Instructions for the task:
From the line below that contains "阵容组成:卡萨丁(1)、雷克" to the line that contains "Apresentação do fantasma", repeat every line exactly, both ends included, and nothing else.

Excerpted data:
----

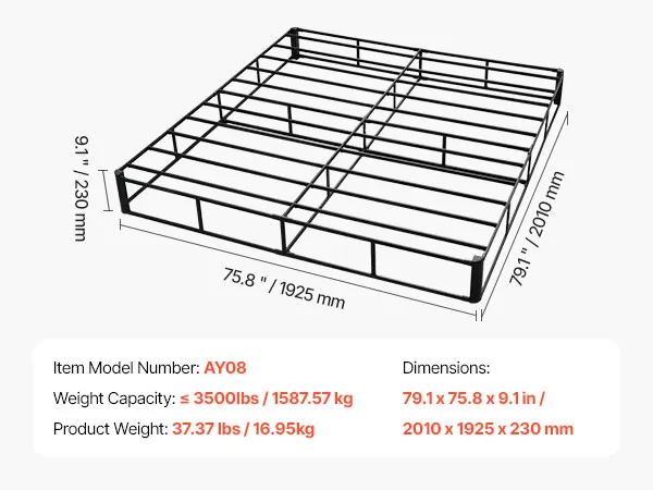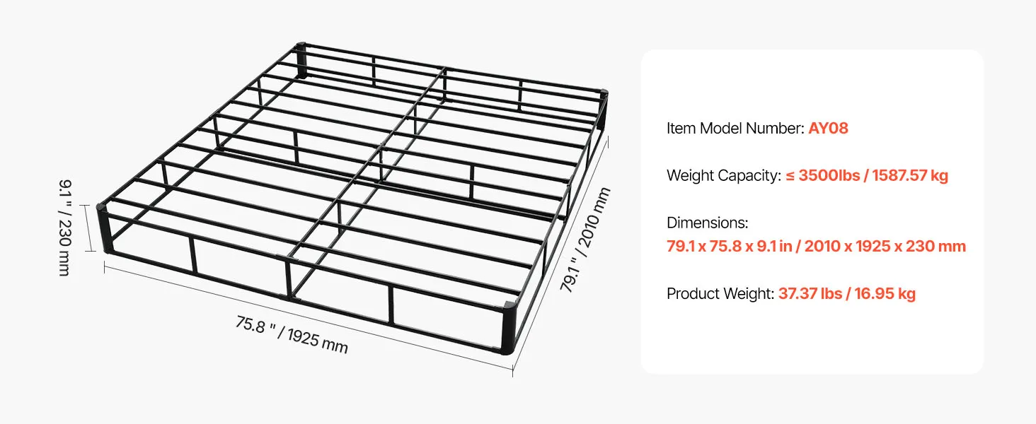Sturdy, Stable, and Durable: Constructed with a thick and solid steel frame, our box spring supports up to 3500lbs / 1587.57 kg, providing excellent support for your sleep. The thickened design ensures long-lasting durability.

----

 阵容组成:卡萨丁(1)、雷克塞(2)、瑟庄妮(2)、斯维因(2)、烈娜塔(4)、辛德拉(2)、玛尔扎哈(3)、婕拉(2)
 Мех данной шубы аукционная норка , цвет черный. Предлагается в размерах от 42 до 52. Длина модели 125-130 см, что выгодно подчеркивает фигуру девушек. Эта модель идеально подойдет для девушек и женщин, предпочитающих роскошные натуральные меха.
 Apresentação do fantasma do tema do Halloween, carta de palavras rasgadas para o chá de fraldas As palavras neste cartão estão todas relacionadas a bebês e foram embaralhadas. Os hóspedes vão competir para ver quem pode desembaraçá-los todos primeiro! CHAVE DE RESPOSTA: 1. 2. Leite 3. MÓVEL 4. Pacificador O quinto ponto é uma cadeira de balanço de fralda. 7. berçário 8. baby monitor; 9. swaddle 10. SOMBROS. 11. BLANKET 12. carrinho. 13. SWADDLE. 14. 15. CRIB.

----

Solution for this problem:
 阵容组成:卡萨丁(1)、雷克塞(2)、瑟庄妮(2)、斯维因(2)、烈娜塔(4)、辛德拉(2)、玛尔扎哈(3)、婕拉(2)
 Мех данной шубы аукционная норка , цвет черный. Предлагается в размерах от 42 до 52. Длина модели 125-130 см, что выгодно подчеркивает фигуру девушек. Эта модель идеально подойдет для девушек и женщин, предпочитающих роскошные натуральные меха.
 Apresentação do fantasma do tema do Halloween, carta de palavras rasgadas para o chá de fraldas As palavras neste cartão estão todas relacionadas a bebês e foram embaralhadas. Os hóspedes vão competir para ver quem pode desembaraçá-los todos primeiro! CHAVE DE RESPOSTA: 1. 2. Leite 3. MÓVEL 4. Pacificador O quinto ponto é uma cadeira de balanço de fralda. 7. berçário 8. baby monitor; 9. swaddle 10. SOMBROS. 11. BLANKET 12. carrinho. 13. SWADDLE. 14. 15. CRIB.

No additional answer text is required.